My favourite cut for a steak is the Rib eye, cut from the rib section the muscle gets a good working during the animals life so along with a good marbling of fat it has a good flavour.
Step 1: Getting ready
Allow you steaks to get to room temperature before cooking, so remove from the refrigerator at least an hour before you need them.
Step 2: Preheat the pan
Begin by placing the griddle or heavy based frying pan over a high heat and allow it to become very hot.
Step 3: Oil and season
Now brush both sides of the steak with a light coating of oil and season both sides with salt and pepper to taste. It’s always a good idea to season your steak just before cooking it. Otherwise, the salt with draw the all moisture out of the meat and will affect the taste.
Step 4: Fry the steak
Now that the griddle pan is really hot, place the rib eye onto it. If you are using a regular frying pan, pour a little oil on it before adding the steak. Then cook the meat until the bottom is crispy and brown.

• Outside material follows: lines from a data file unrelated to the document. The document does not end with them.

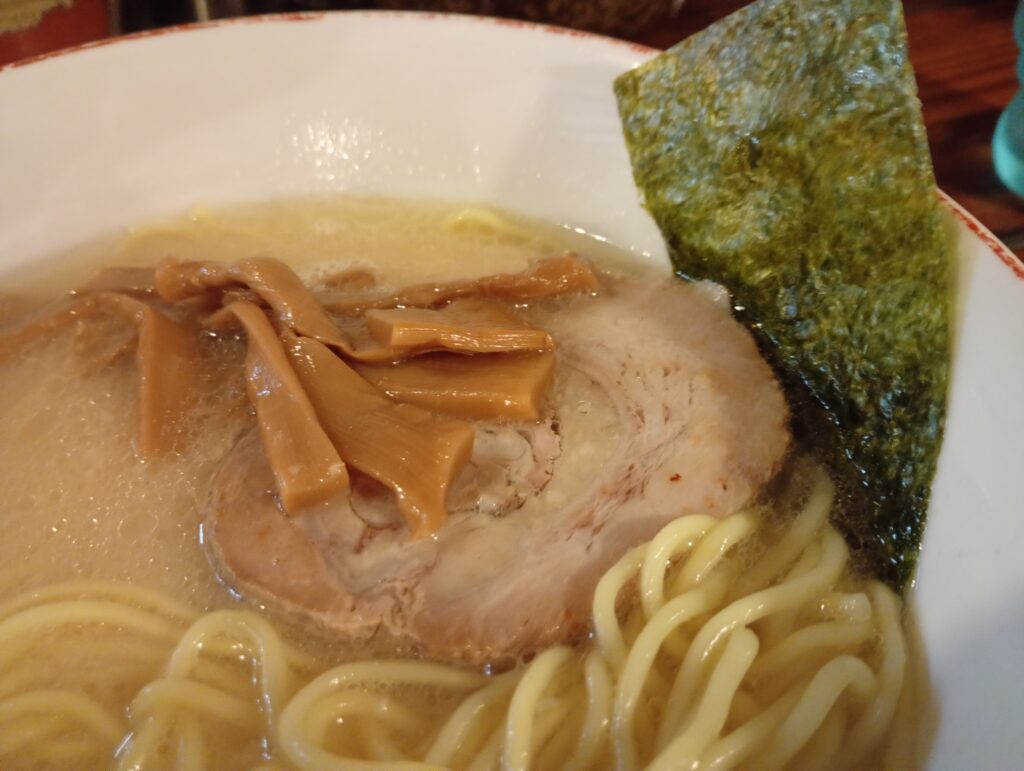 トッピングはめんま、チャーシュー、のりがのっていました。
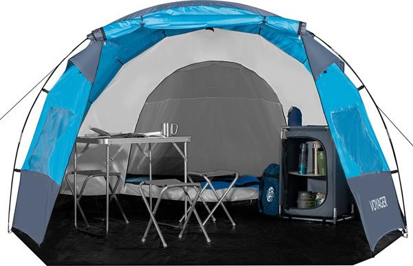 Namiot Voyager oprócz przestronnej sypialni posiada również duży przedsionek z podłogą o wymiarach 230cm dł. x 260cm szer. x 150cm wys., dzięki czemu będąc wewnątrz namiotu można swobodnie spędzać wieczory lub deszczowe dni oraz przechowywać przez noc meble campingowe lub sprzęt campingowy.
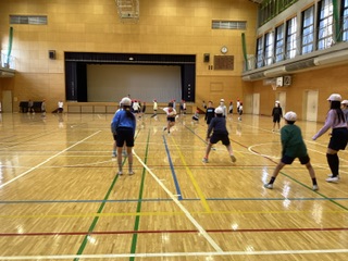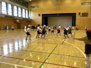 残っている雪で校庭を使うことができないため、体育館で、2クラス合同ドッジビー大会を行いました。
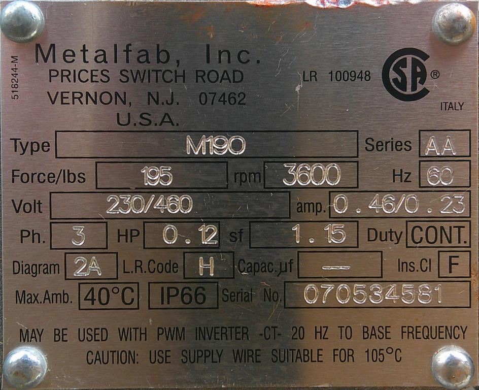 Metalfab model MT-3 volumetric screw feeder. Stainless steel construction. The hopper is approximately 2 cu.ft. The feed tube has an OD of 3.5" and a legnth of 22" to the center of the discharge. This screw feeder has a bin vibrator. 12" dia inlet opening and vent in the clamp on hopper lid. Driven by a 1 hp 230/460 vac 3 ph gearmotor. Serial # 806038. Good condition.Metalfab
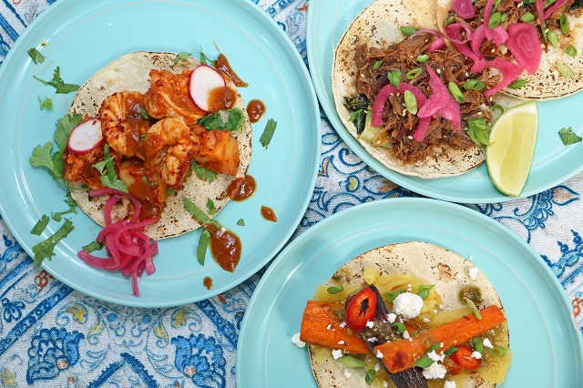 The opening menu includes a slow braised pork taco with Chinese five spice and tamarind; a vegetable taco with roasted carrots, butternut squash, and goat cheese; a shrimp taco with Korean tomato stew; and beef al pastor with pineapple soy. All of it is gluten-free. A weekly special will also be available.

Don’t crowd your pan, don’t cook more that 2 steaks at a time otherwise the temperature of the pan will drop and the streaks will stew rather than fry
You can check to see how it’s cooking, by turning one end up, to see how the crust is building up. Brush once more with oil, season and turn it over to the other side. Don’t ever turn the meat more than once. It makes it very tough. Now reduce the heat to medium.
Timings for a 2 cm thick steak at room temperature before cooking
- Blue: 1 minute each side
- Rare: 1½ minutes each side
- Medium rare: 2 minutes each side
- Medium: 2¼ minutes each side
- Medium-well done: 2½ – 3 minutes each side.
Step 6: Remove and rest
When ready, remove the rib eye from the pan with your tongs and place it immediately onto a wooden board or a rack. It is important to let the steak rest 2 or 3 minutes before serving. This will allow the juices to disperse throughout the steak, enhancing its flavour and allowing the steak to relax, ensuring it’s not tough.